Uganda AIDS Orphan Children Foundation
- Abbreviation: UAOCF
- Formation: 2003
- Type: Non-Profit Organization 501(c)(3)
- Headquarters: Los Angeles
- Region served: Uganda
- Budget: $140,000 USD+
- Staff: 20
- Website: www.uaocf.org

= Uganda AIDS Orphan Children Foundation =

The Uganda AIDS Orphan Children Foundation (UAOCF) is a non-profit charity that helps vulnerable children and those orphaned by AIDS in Uganda. UAOCF received 501 (c) (3) charity status in 2003; subsequently, the Internal Revenue Service granted permanent public charity status in 2006.
The foundation's mission is to provide support to orphans in foster homes and to support Hope House, the Kabale Diocese residential facility/technical school for orphans.
As of April 2009, UAOCF supports over 50 children at Hope House and over 350 all together.

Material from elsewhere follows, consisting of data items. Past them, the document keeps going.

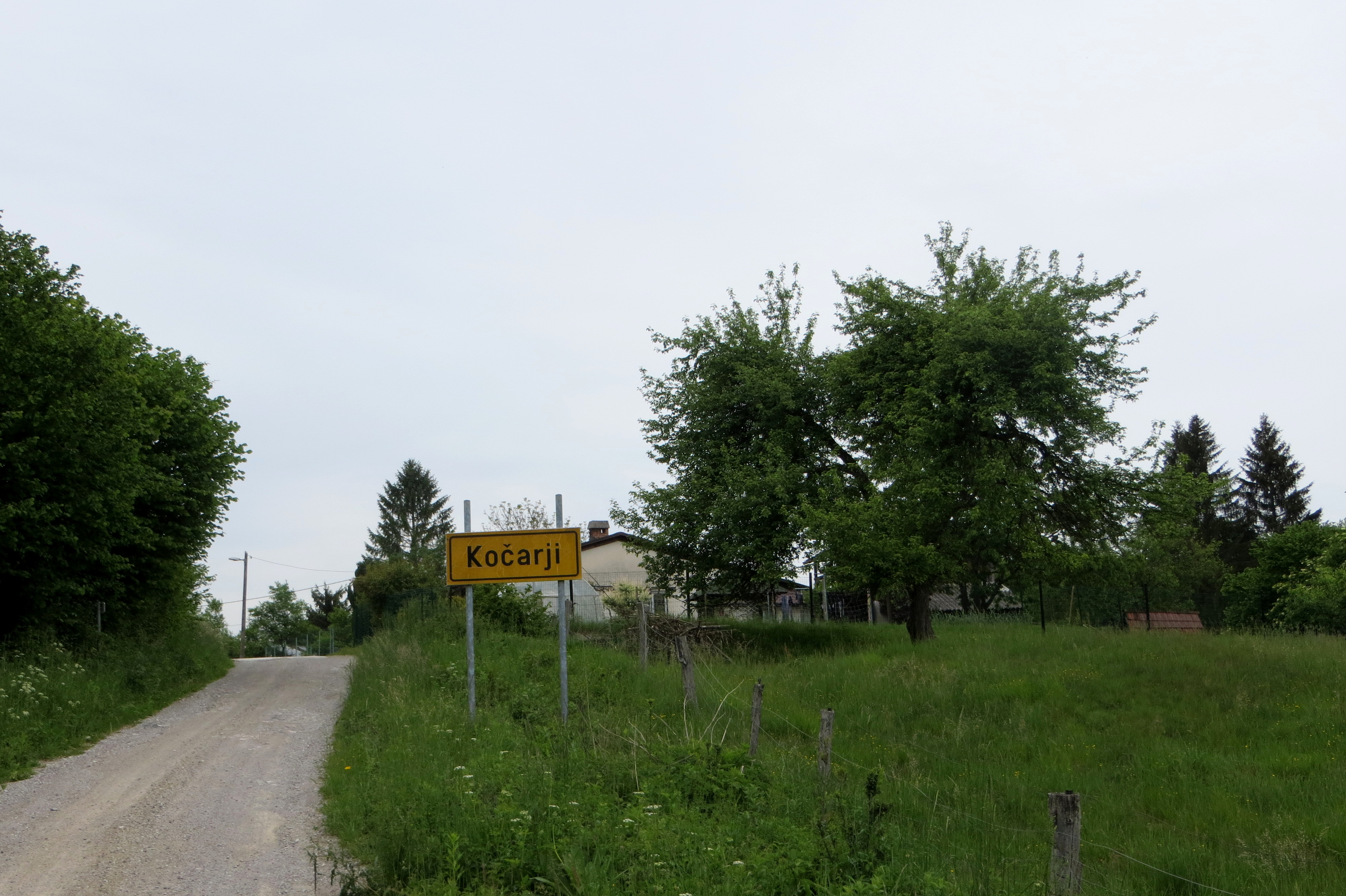 Kočarji, Municipality of Kočevje, Slovenia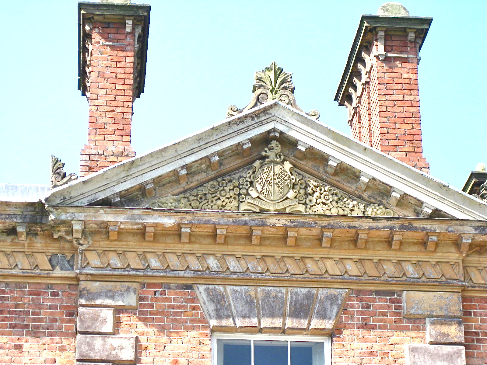 Garthmyl Hall is a Grade II listed house in Berriew, in the historic county of Montgomeryshire, now Powys. Pediment with armorial.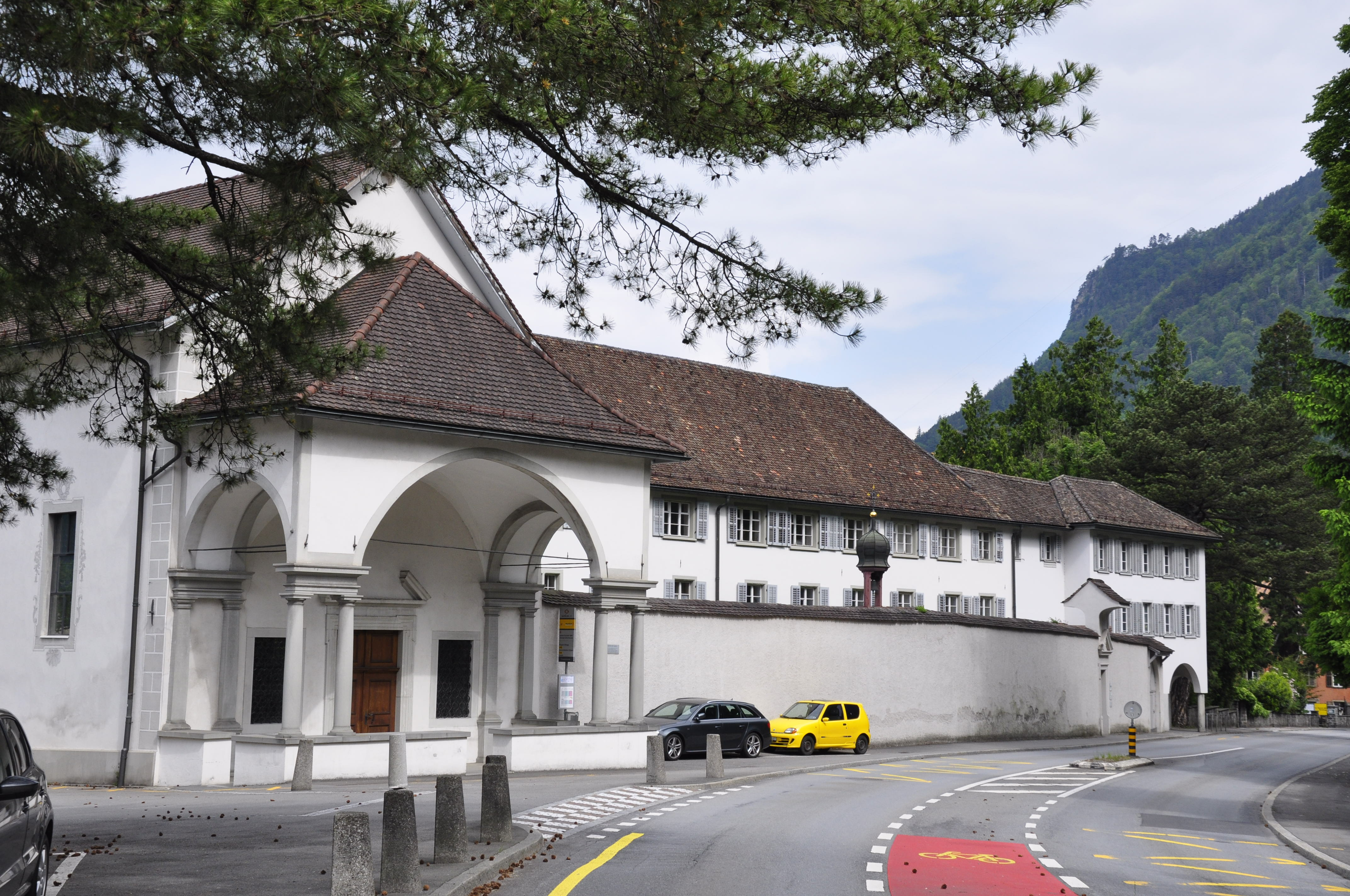 Kapuzinerinnenkloster St. Karl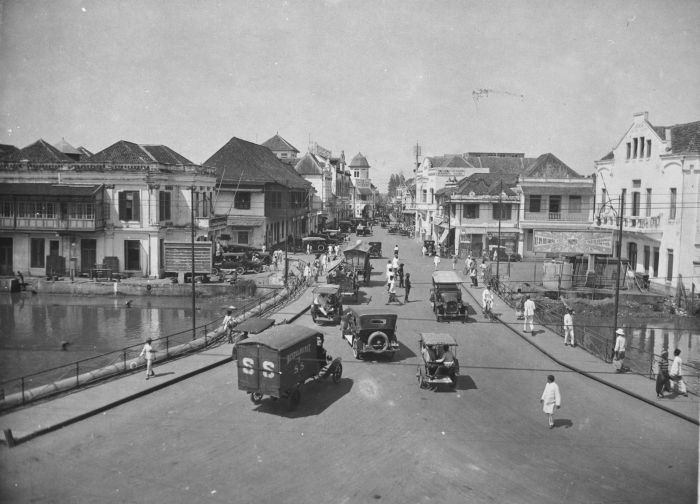 The red bridge ('Roode Brug') and the 'Handelstraat', 'Jembatan Merah' in indonesian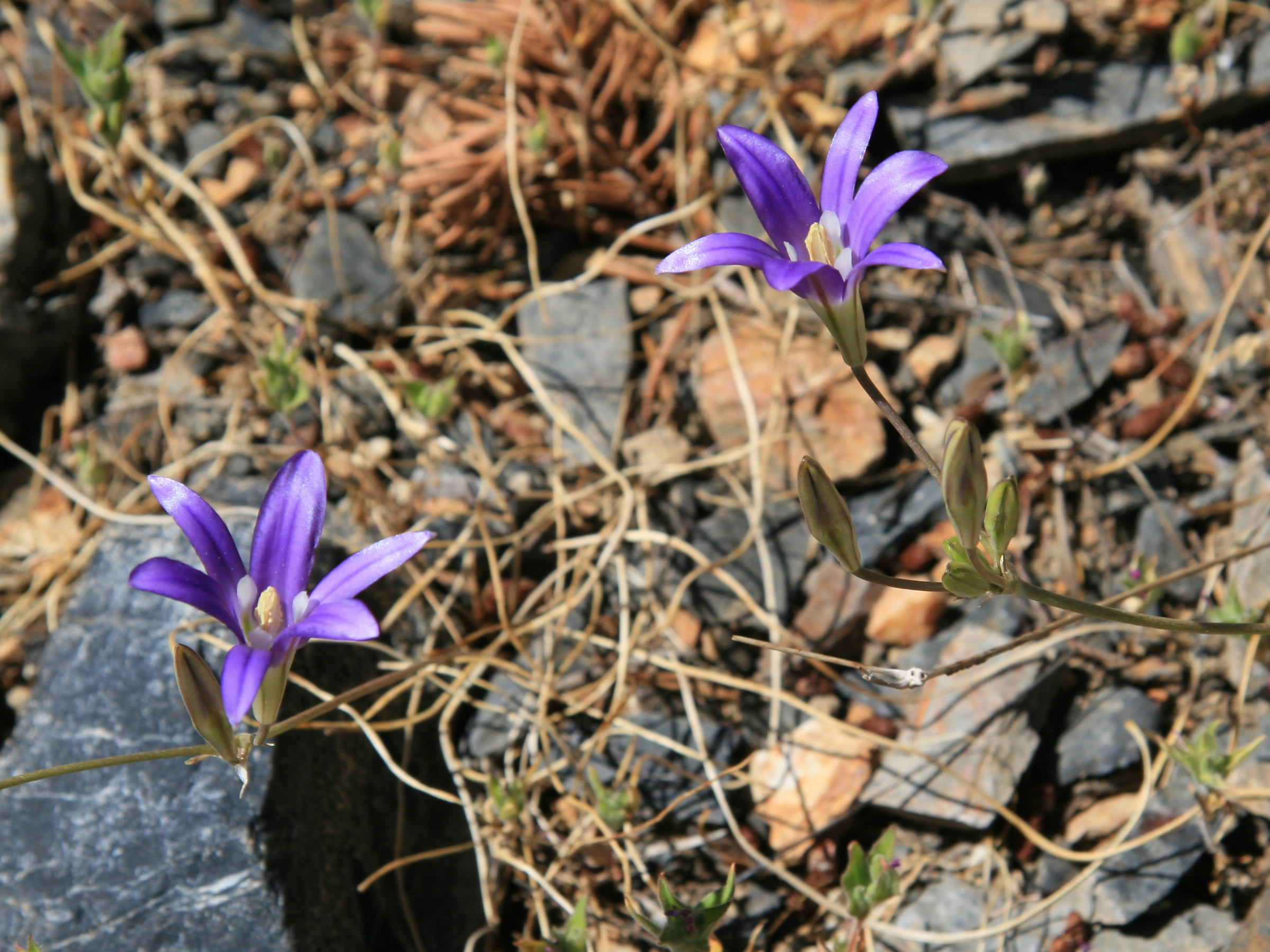 Harvest Brodiaea lily (Brodiaea elegans) — along the High Trail, above Agnew Meadows, about 2700m in the Sierra Nevada.

Based in Los Angeles, California
and with operations in four Ugandan districts: Kabale, Rukungiri, Kisoro and Kanungu, UAOCF was formed in 2004 in response to the far-reaching repercussions of the AIDS epidemic. The Sub-Saharan African nation has more than 2.3 million children orphaned due to AIDS-related deaths. With a total population of more than 30 million, Uganda has the highest proportion of AIDS orphans of any country in the world. The organization is dedicated to draw attention to the plight of these orphans.

==History==
Uganda has been greatly impacted by the devastation of HIV/AIDS. Recent statistics from the World Health Organization show that AIDS has left a long-lasting effect on Uganda’s population, most notably children and families. As a result, AIDS has caused over 2 million children of Uganda to have been orphaned since the epidemic began – losing one or both parents to AIDS.

==Proceeds==
Uganda AIDS Orphan Children Foundation provides care, support and education through the following targeted programs:
- Foster Home Children / Adopt-An-Orphan – Provides care, support and education through High School for AIDS-orphaned children in foster homes.
- Special Education Support Fund – Supports post-secondary school education for gifted children graduating from the Foster Home Care Program.
- Hope House Orphanage / Vocational School – Hope House is a residential and technical school for children who have no one to support them.
- Hope House Development Fund – Provides for expansion of “Hope House” residential and vocational training facilities according to its master plan.
- Orphan’s Extraordinary Medical Care Fund – Provides additional support to children who require out-of-the-ordinary medical care, especially those who have AIDS.
- UAOCF General Support Fund – 100% of the money donated to the Orphan Support Funds and Hope House Funds go directly to the needs of children; the General Support Fund provides for administrative expenses in Los Angeles and Uganda.

==Goals==
The UAOCF aims to provide assistance to orphaned and vulnerable children in rural southwestern Uganda by:
- Supporting a home for orphaned and vulnerable children
  - The project Hope House seeks to initially house and train 20 students (ages 13 to 17), with plans to increase this number annually. This long-term commitment eventually will house 65 children and will include a polytechnic institution to prepare the children to provide for themselves.
- Supporting orphans and vulnerable children in individual foster homes
  - We have met out initial goal to support 200 children (ages 4 to 17) from the four districts in the Kabale diocese, and we plan to increase the number of children by at least 50 each year.